Starting with the line that holds "Kom stilla lefnad", reproduce each line through the last one of the data, exactly as written. Pictures are not copied.

Given material:
○ ○ ○ ○
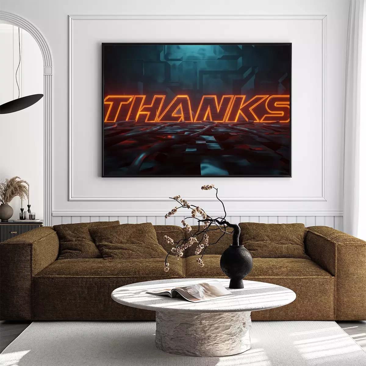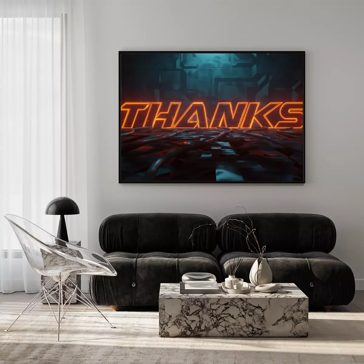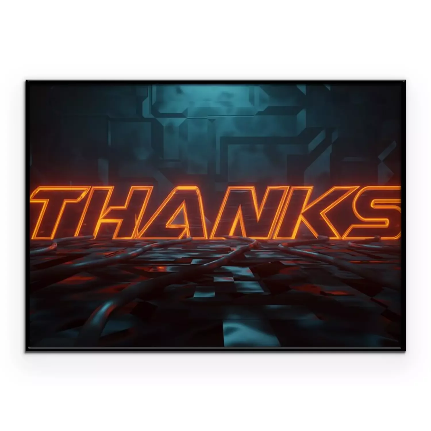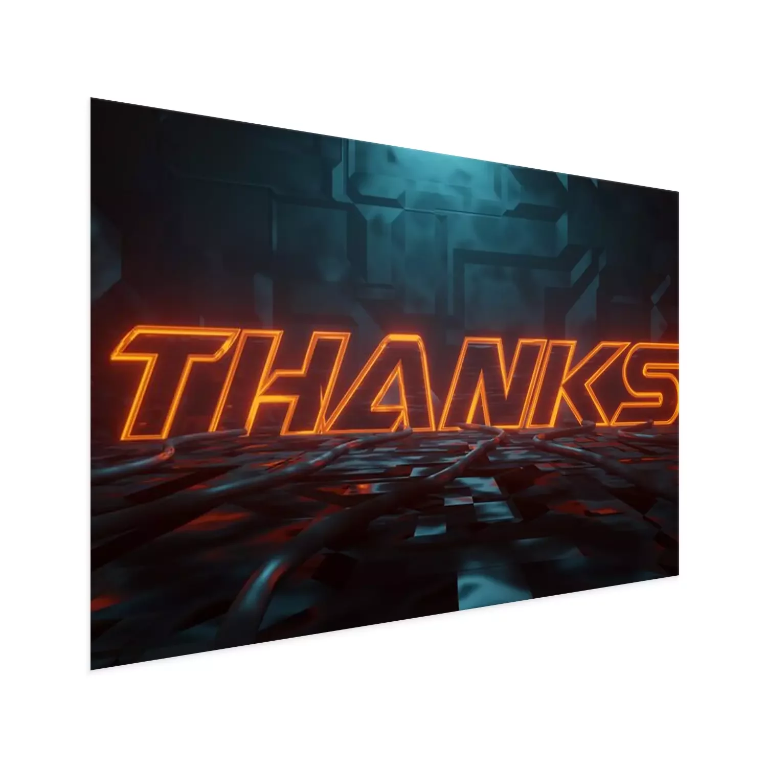 Poster 3D rendering of Cyberpunk word thanks illuminated in orange in metal background. Artificially illuminated presentation words with blue light
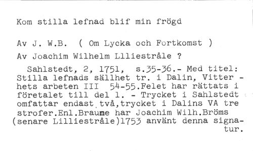 Kom stilla lefnad blif min frögd //// Av J. W.B. ( Om Lycka och Fortkomst ) Av Joachim Wilhelm Liliestråle ? //// Sahlstedt, 2, 1751, s.35-36.- Med titel: Stilla lefnads sällhet tr. i Dalin, Vitter hets arbeten III 54-55.Felet har rättats i företalet till del 1. - Trycket i Sahlstedt omfattar endast.två,trycket i Dalins VA tre strofer.Enl.Braume har Joachim Wilh.Bröms //// (senare Lilliestråle)1753 använt denna signa- //// tur.
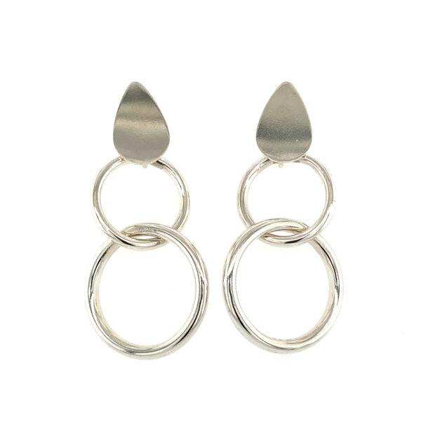 Zilveren oorbellen met druppel vormige stekers en ringen van buis.
○ ○ ○ ○
Solution:
 Kom stilla lefnad blif min frögd //// Av J. W.B. ( Om Lycka och Fortkomst ) Av Joachim Wilhelm Liliestråle ? //// Sahlstedt, 2, 1751, s.35-36.- Med titel: Stilla lefnads sällhet tr. i Dalin, Vitter hets arbeten III 54-55.Felet har rättats i företalet till del 1. - Trycket i Sahlstedt omfattar endast.två,trycket i Dalins VA tre strofer.Enl.Braume har Joachim Wilh.Bröms //// (senare Lilliestråle)1753 använt denna signa- //// tur.
 Zilveren oorbellen met druppel vormige stekers en ringen van buis.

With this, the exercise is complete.